Leave out every picture and set down, exactly, the lines below from the one holding "Bisogna fare ogni" up to and including the one holding "新浪外汇消息2025年12月".
=== Input material ===
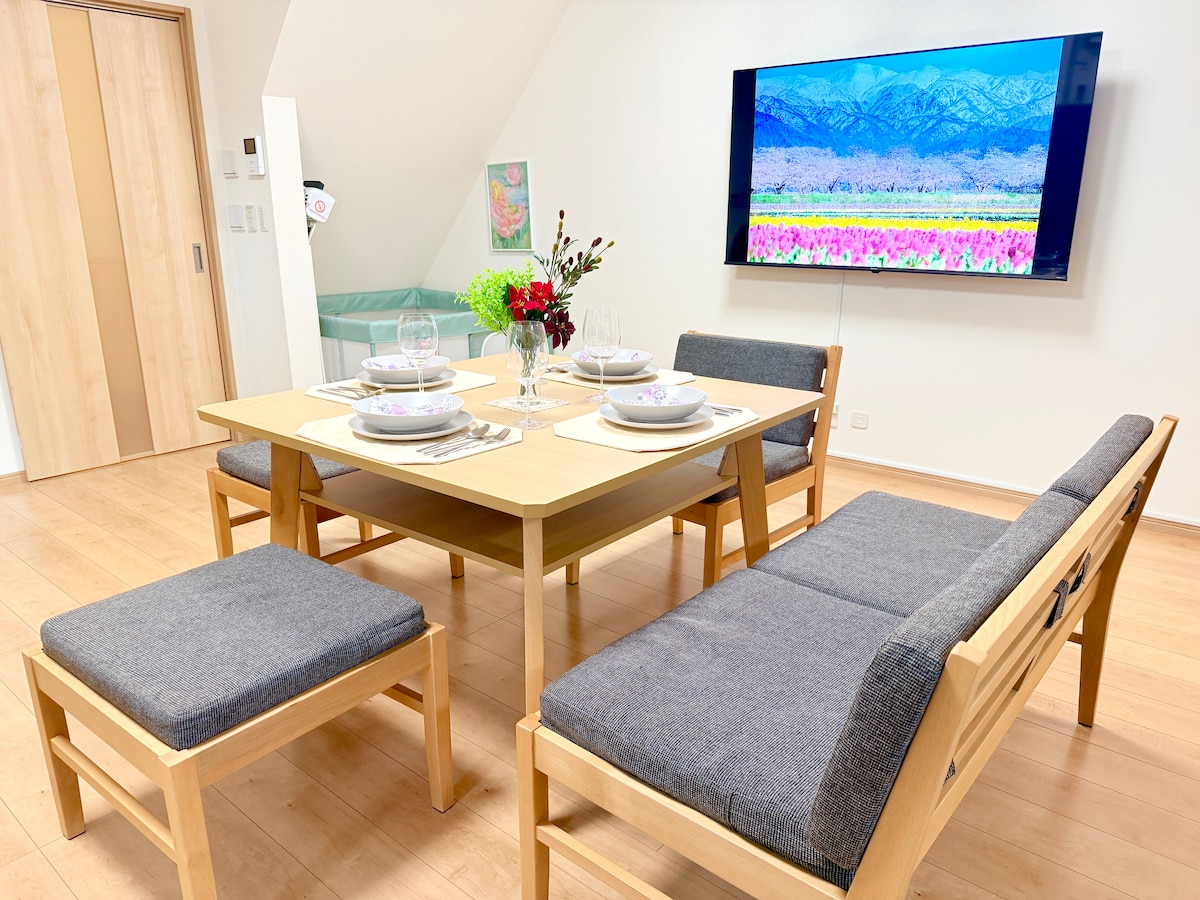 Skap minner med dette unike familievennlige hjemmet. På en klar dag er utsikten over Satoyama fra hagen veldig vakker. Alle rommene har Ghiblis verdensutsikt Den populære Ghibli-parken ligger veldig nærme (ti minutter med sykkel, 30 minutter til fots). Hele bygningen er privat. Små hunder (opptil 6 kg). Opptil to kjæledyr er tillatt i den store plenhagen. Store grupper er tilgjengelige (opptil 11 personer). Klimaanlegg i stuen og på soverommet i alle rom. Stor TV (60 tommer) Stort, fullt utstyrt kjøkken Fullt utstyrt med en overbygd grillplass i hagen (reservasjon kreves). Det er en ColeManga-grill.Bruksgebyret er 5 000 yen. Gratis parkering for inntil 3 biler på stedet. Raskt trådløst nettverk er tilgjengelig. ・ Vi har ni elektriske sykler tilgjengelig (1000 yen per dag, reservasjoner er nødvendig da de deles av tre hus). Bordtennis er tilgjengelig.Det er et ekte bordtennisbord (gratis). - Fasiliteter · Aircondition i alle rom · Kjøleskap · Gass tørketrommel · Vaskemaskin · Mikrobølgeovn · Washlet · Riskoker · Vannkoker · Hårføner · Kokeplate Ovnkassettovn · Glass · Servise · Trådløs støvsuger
===
=== Input material ===
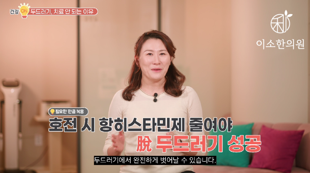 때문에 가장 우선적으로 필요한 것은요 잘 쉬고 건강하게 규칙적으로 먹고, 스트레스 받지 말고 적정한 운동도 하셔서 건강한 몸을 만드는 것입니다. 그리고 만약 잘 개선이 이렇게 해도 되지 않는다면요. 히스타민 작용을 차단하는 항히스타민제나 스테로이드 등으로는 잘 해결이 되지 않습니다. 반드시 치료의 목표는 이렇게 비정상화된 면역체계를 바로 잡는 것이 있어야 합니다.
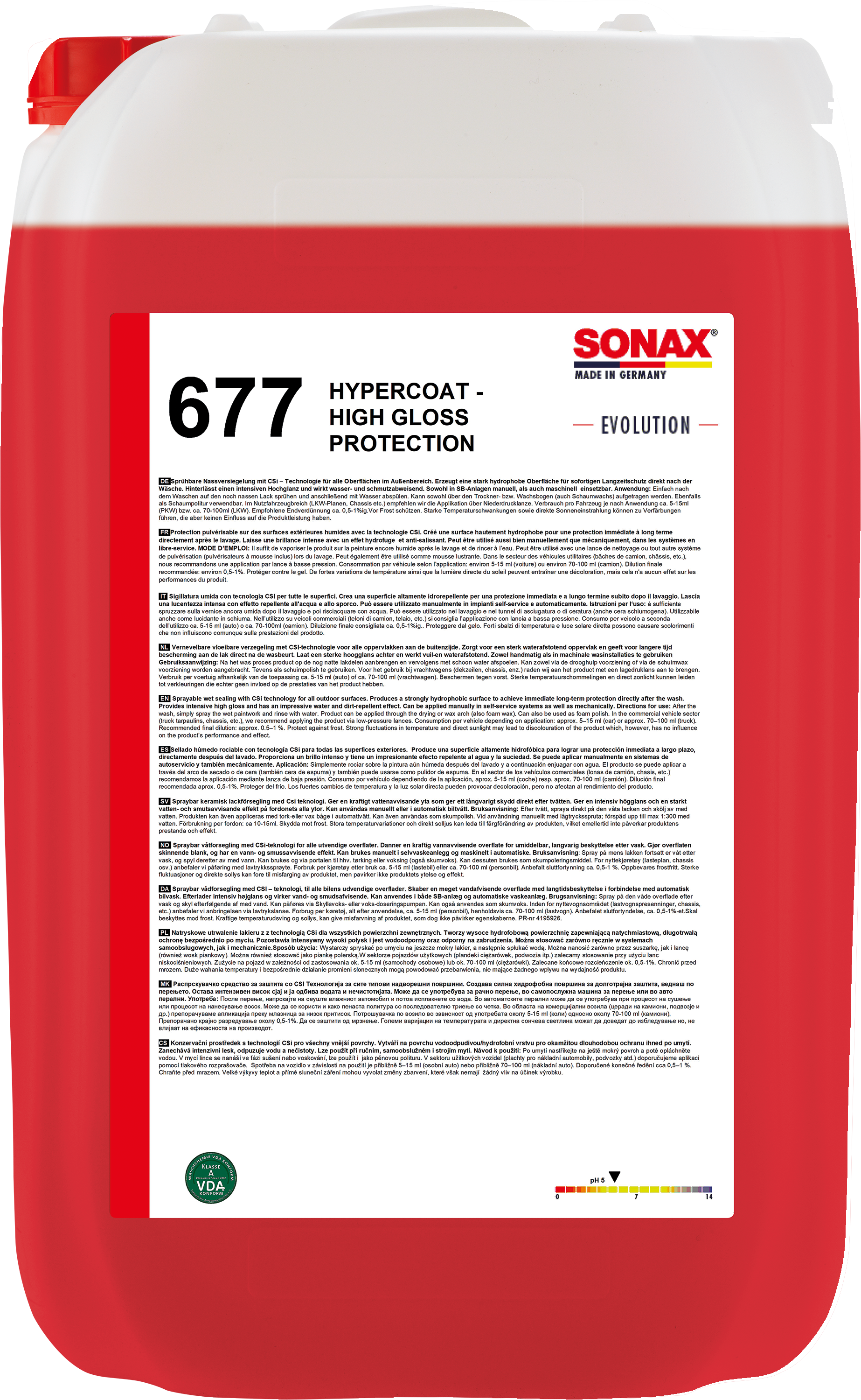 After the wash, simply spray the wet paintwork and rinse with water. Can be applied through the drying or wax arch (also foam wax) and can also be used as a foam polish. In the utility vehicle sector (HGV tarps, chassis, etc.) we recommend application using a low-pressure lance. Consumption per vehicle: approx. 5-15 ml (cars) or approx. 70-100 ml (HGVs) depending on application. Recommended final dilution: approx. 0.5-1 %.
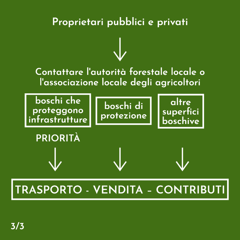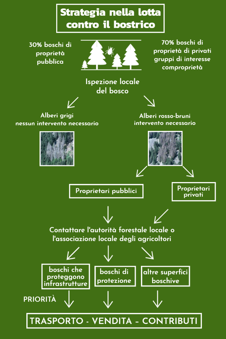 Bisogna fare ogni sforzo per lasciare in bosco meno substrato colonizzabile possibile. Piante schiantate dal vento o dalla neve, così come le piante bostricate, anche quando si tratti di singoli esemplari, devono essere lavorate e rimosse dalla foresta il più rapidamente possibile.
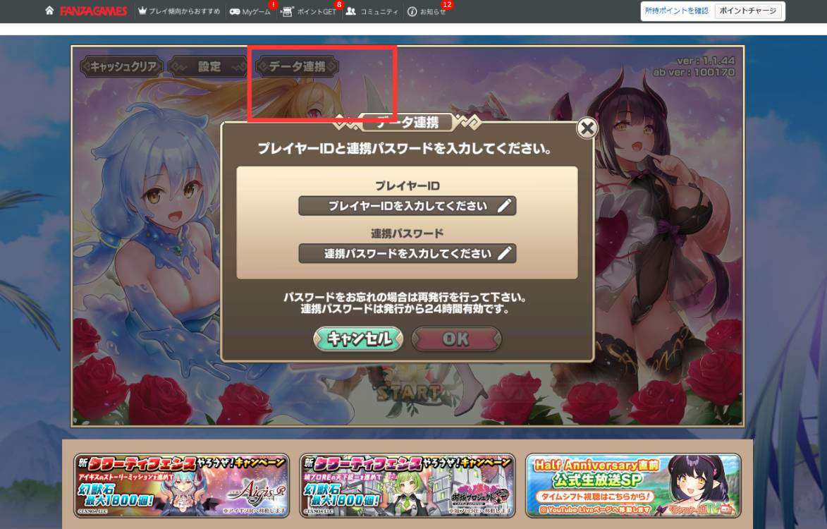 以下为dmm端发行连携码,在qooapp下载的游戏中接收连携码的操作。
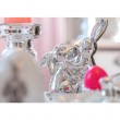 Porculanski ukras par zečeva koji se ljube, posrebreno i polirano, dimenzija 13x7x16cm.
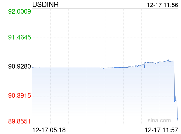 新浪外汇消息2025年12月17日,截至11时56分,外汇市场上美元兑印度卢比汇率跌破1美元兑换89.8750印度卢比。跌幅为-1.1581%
===
=== Input material ===
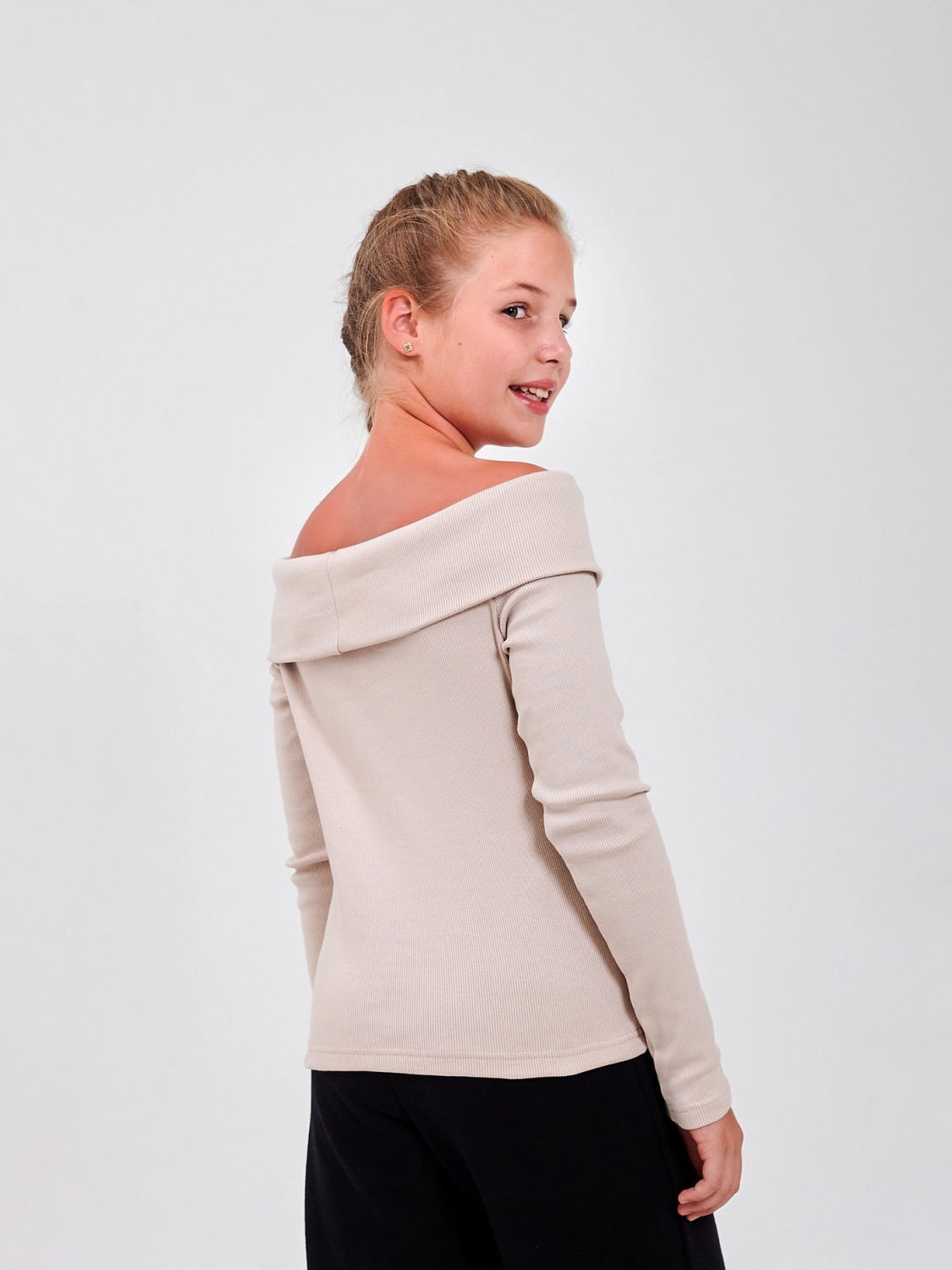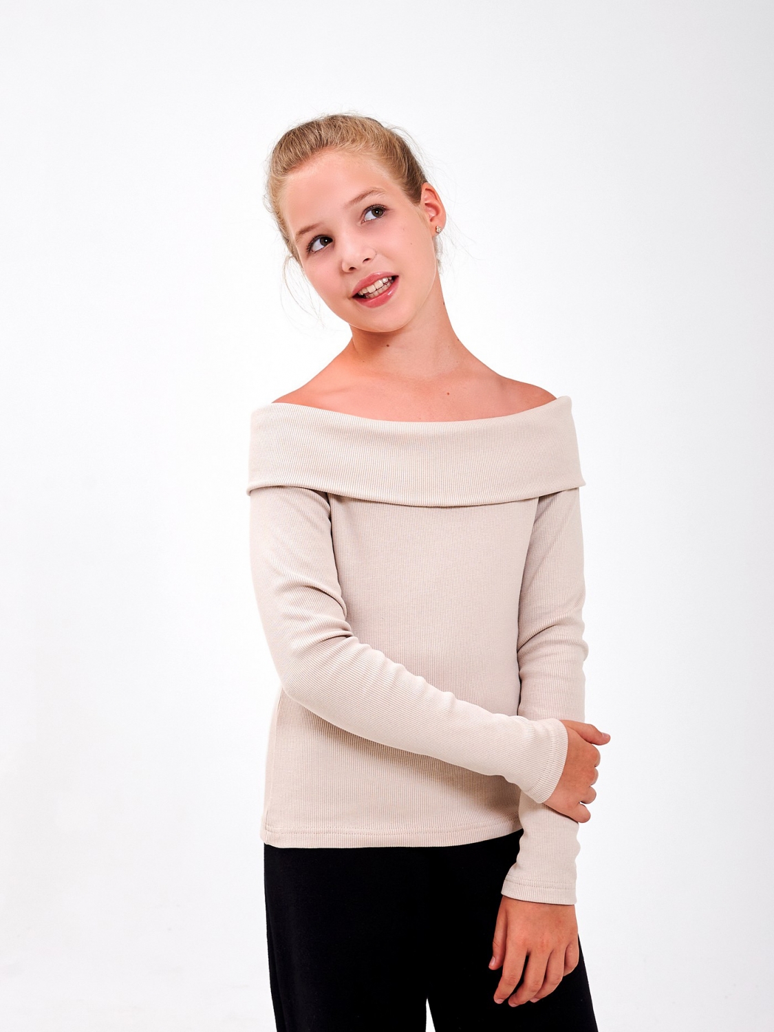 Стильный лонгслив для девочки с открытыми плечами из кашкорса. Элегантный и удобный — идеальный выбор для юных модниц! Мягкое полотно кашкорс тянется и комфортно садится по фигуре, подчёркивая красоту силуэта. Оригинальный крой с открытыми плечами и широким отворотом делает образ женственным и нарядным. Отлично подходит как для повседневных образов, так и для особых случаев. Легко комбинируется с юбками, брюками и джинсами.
===
> _Result for this task_:
 Bisogna fare ogni sforzo per lasciare in bosco meno substrato colonizzabile possibile. Piante schiantate dal vento o dalla neve, così come le piante bostricate, anche quando si tratti di singoli esemplari, devono essere lavorate e rimosse dalla foresta il più rapidamente possibile.
 以下为dmm端发行连携码,在qooapp下载的游戏中接收连携码的操作。
 Porculanski ukras par zečeva koji se ljube, posrebreno i polirano, dimenzija 13x7x16cm.
 新浪外汇消息2025年12月17日,截至11时56分,外汇市场上美元兑印度卢比汇率跌破1美元兑换89.8750印度卢比。跌幅为-1.1581%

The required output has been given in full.